Data Mining for Supply Chain Management in Complex Networks


Supply chain comprises the flow of products, information, and money. In traditional supply chain management, business processes are disconnected from stock control and, as a result, inventory is the direct output of incomplete information. The focus of contemporary supply chain management is to organize, plan, and implement these flows. First, at the organizational level, products are manufactured, transported, and stored based on the customers’ needs. Second, planning and control of component production, storage, and transport are managed using central supply management and replenished through centralized procurement. Third, the implementation of the supply chain involves the entire cycle from the order-entry process to order fulfillment and delivery. Data mining can create a better match between supply and demand, reducing or sometimes even eliminating the stocks.
Data mining thus has become an indispensable tool in understanding needs, preferences, and behaviors of customers. It is also used in pricing, promotion, and product development. Conventionally, data mining techniques have been used in banking, insurance, and retail business. This is largely because of the fact that the implementation of these techniques showed quick returns. Data mining is being used for customer profiling where characteristics of good customers are identified with the goals of predicting new customers and helping marketing departments target new prospects. The effectiveness of sales promotions/ product positioning can be analyzed using market-basket analysis to determine which products are purchased together or by an individual over time, which products to stock in a particular store, and where to place products in each store (Groth 2000; Kopanakis & Theodoulidis, 2003; Weir, 1998). In addition, data mining is used in a variety of other industries such as the financial, healthcare, and telecommunications industry, among others.
There are a lot of opportunities and applications of data mining even beyond the obvious. One of the potential areas is “Supply Chain Management.” One of the realities of the demand and supply in the manufacturing industry is that no matter how well balanced a system is, there is an element of uncertainty that creates a mismatch between demand and supply. The objective of this article is to identify those areas in the supply chain where most of the uncertainty exists and to determine suitable data-mining methods to accurately predict uncertainty. The underlying assumption of this paper is that a data warehouse has been implemented before the data-mining techniques can be applied.

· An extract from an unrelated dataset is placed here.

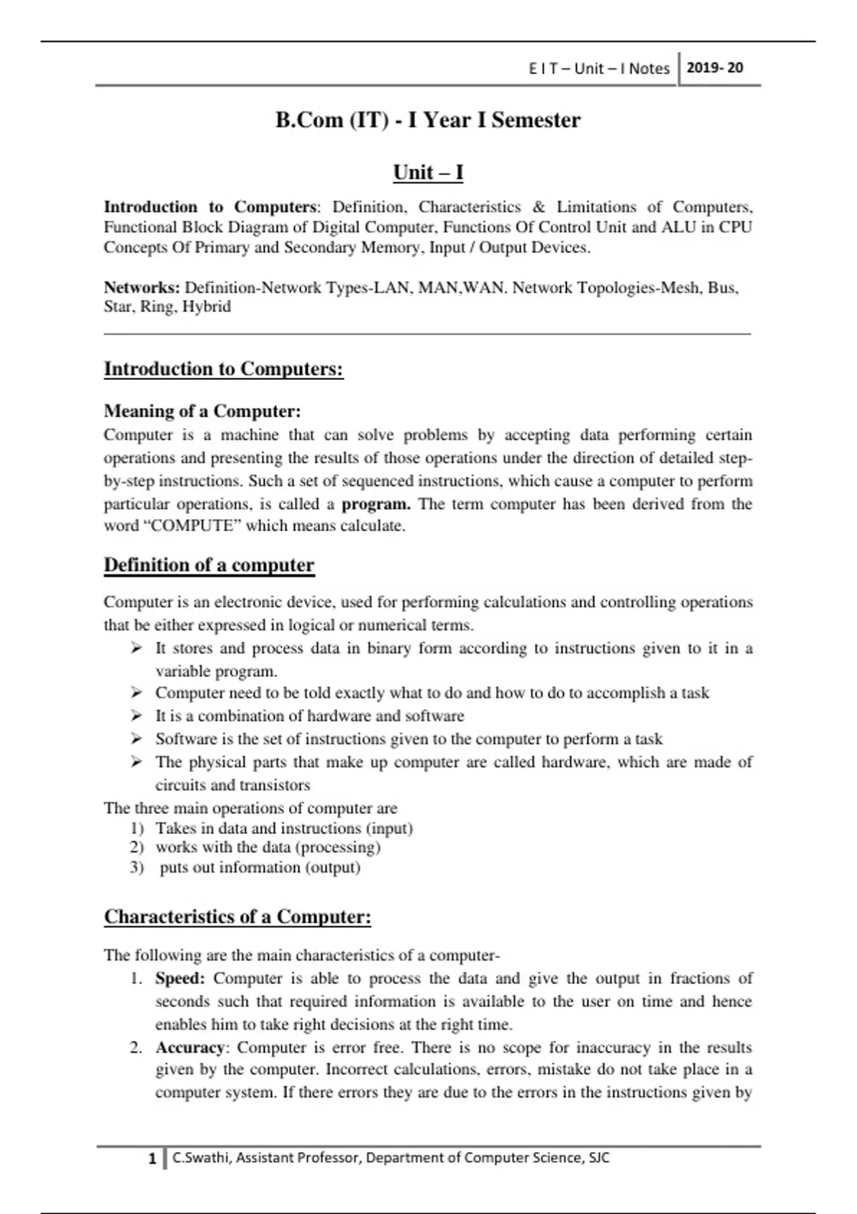 , E I T – Unit – I Notes 2019- 20

There are two issues that plague supply chain management—variation in the demand and supply and variation in the speed and extent of communication within the supply chain. Variation in demand and supply is due to the inherent uncertainty also present in the processes. Accurately predicting the uncertainties in demand, supply, and processes and then formulating action plans around the prediction is the essence of supply chain management (SCM).
Before we can address the problem of uncertainty in supply chain and explain the use of data-mining techniques, we need to understand the basic process of SCM and where uncertainty exists. In its most simplified form, a supply chain can be depicted as the flow of information from a customer’s customer to a supplier’s supplier and then the flow of material in the reverse direction, as shown in Figure 1.
The whole supply chain can be conceptually broken down as Supply - Process – Demand. Traditional forecasting planners of supply chains use demand and supply forecasting as a means of controlling uncertainty. However, there are three major drawbacks in those methods, namely:
1. Incorrect forecasting model
2. Incorrect number of parameters
3. Incorrect coefficients values of these parameters.

Figure 1. Information and material flows in the supply chain

Information and material flows in the supply chain
Each of these three problems can be solved using data mining. The models are chosen from a finite set of predefined models in data mining. The model can be recreated as many times as needed in order to extract previously unknown patterns and relationships in data. When forecasting using data-mining techniques, the program can detect even minor effects of some parameters.

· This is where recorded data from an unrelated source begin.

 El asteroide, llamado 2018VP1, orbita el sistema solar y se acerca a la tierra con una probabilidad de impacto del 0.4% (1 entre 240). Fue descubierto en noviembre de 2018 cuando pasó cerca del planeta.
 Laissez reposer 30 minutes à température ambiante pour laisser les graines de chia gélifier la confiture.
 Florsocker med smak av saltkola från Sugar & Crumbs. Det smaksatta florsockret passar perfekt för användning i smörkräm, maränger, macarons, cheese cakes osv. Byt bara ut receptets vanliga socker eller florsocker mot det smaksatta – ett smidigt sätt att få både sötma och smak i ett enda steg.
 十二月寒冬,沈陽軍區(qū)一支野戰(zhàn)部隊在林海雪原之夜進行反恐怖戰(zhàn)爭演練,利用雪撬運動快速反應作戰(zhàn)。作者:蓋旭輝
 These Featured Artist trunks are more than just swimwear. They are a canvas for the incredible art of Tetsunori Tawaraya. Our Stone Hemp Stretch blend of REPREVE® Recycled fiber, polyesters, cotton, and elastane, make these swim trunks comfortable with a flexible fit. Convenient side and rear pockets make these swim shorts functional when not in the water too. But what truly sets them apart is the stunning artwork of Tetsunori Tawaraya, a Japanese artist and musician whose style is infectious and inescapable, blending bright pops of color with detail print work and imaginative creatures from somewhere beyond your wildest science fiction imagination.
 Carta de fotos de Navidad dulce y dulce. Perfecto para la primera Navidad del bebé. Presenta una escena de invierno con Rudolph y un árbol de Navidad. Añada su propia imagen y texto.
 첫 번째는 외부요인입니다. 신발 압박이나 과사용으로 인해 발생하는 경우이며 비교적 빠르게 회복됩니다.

Data mining is the process of extracting ideas in data. It can also be defined as “a decision support process that tries to discover patterns and relationships that are beyond the realm of human experience and imagination in the large database and present them to a knowledgeable user for review and examination” or “as the process of extracting previously unknown, valid, and actionable information from large databases and then using the information to make crucial business decisions” (Groth, 2000).
Data mining not only uses a discovery-based approach in which pattern matching and other algorithms are employed to determine the key relationships in the data but also describes the steps that must be taken to ensure meaningful results.


Data mining is used to build six types of models aimed at solving business problems: classification, regression, time series, clustering, association analysis, and sequence discovery.

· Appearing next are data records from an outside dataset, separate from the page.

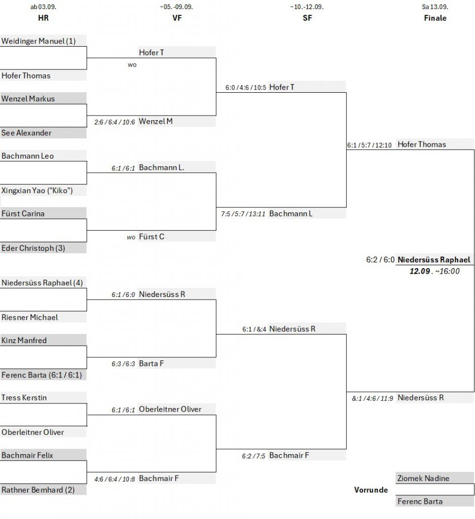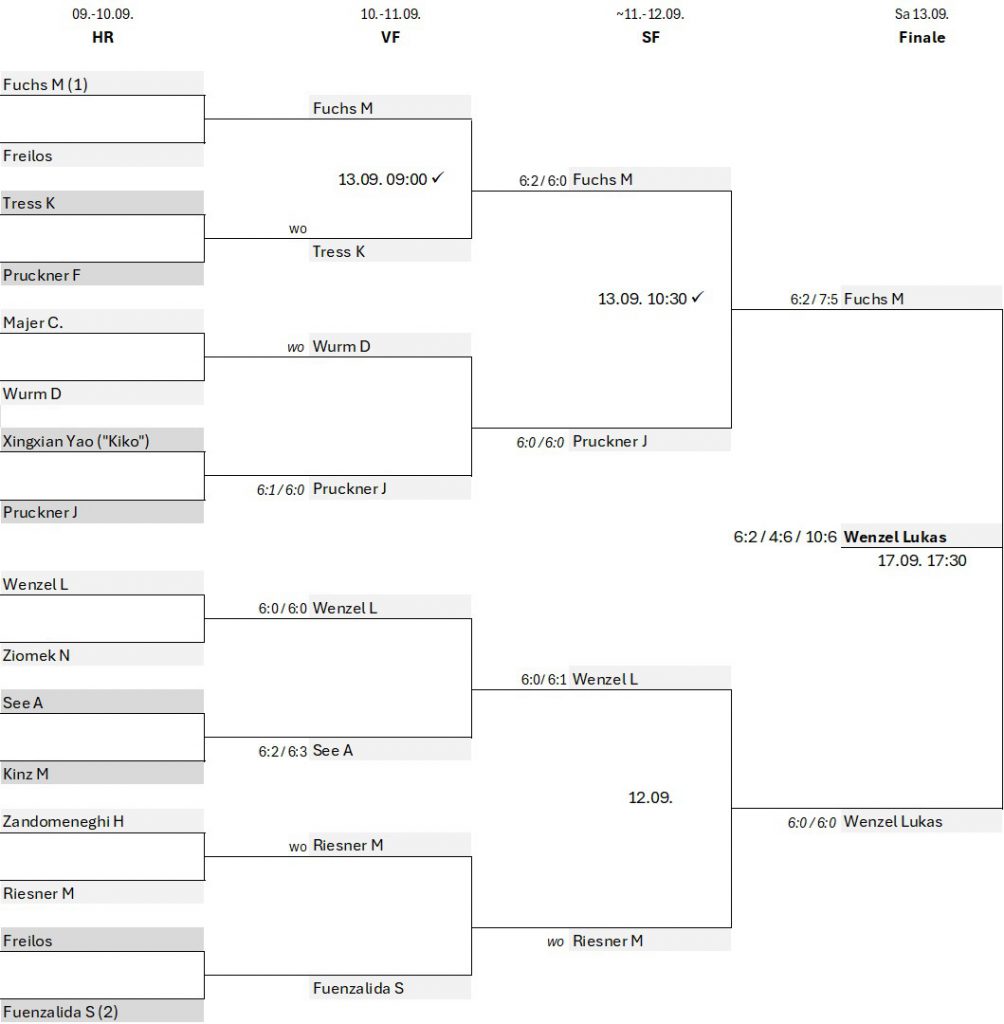 - Turnierleitung: Michael Fuchs (0660 6375651), feat. Manuel Leitner, Harald Huemer
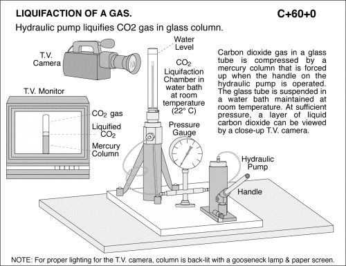 Hydraulic pump liquifies CO2 gas in glass column. Carbon dioxide gas in a glass tube is compressed by a mercury column that is forced up when the handle on the hydraulic pump is operated. The glass tube is suspended in a water bath maintained at room temperature. At sufficient pressure, a layer of liquid carbon dioxide can be viewed by a close-up T.V. camera. Liquifaction Chamber in water bath at room temperature (22deg C), Handle Water Level. NOTE: For proper lighting for the T.V. camera, column is back-lit with a gooseneck lamp & paper screen. LIQUIFICATION OF A GAS.
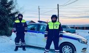 Инспекторы ДПС убедившись, что жизни и здоровью автовладельца ничего не угрожает, начали операцию по освобождению автомобиля из «снежной ловушки».
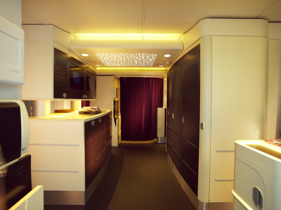 Anche la First Class degli A380 viene ridefinta raggiungendo un nuovo standard d’eccellenza con il lancio di nove appartamenti per velivolo, allestiti sul ponte superiore in una configurazione 1-1, creando il primo corridoio unico in First Class disponibile su un aeromobile.
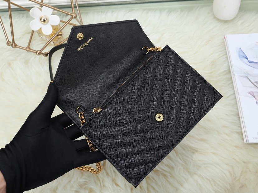 [New arrival] Saint Laurent small envelope bag. The latest caviar texture with custom hardware. An extremely practical small bag! The shoulder strap can be removed and used directly as a clutch. Made of imported cowhide leather, with exquisite craftsmanship and top-notch Taiwanese hardware. Model: 688918 apricot color with gold buckle!!! Size: 19*11.5*4 cm!

A predictive model is generated based on the historical data. These models are used to assign instances to a group or class by calculating the value of a categorical variable. The value of this categorical variable is generally binary in nature. It can include multiple but discrete values.


Regression is used to predict values for categorical variables. The values are continuous, real numbers, i.e., it has decimal values, and it has no fixed range in which the values of the variables are fitted.

Time-series forecasting

This method uses a series of existing values and their attributes to forecast future values, except that the values of the categorical variables are dependent on time. Using various data-mining tools, the distinctive features of time can be exploited.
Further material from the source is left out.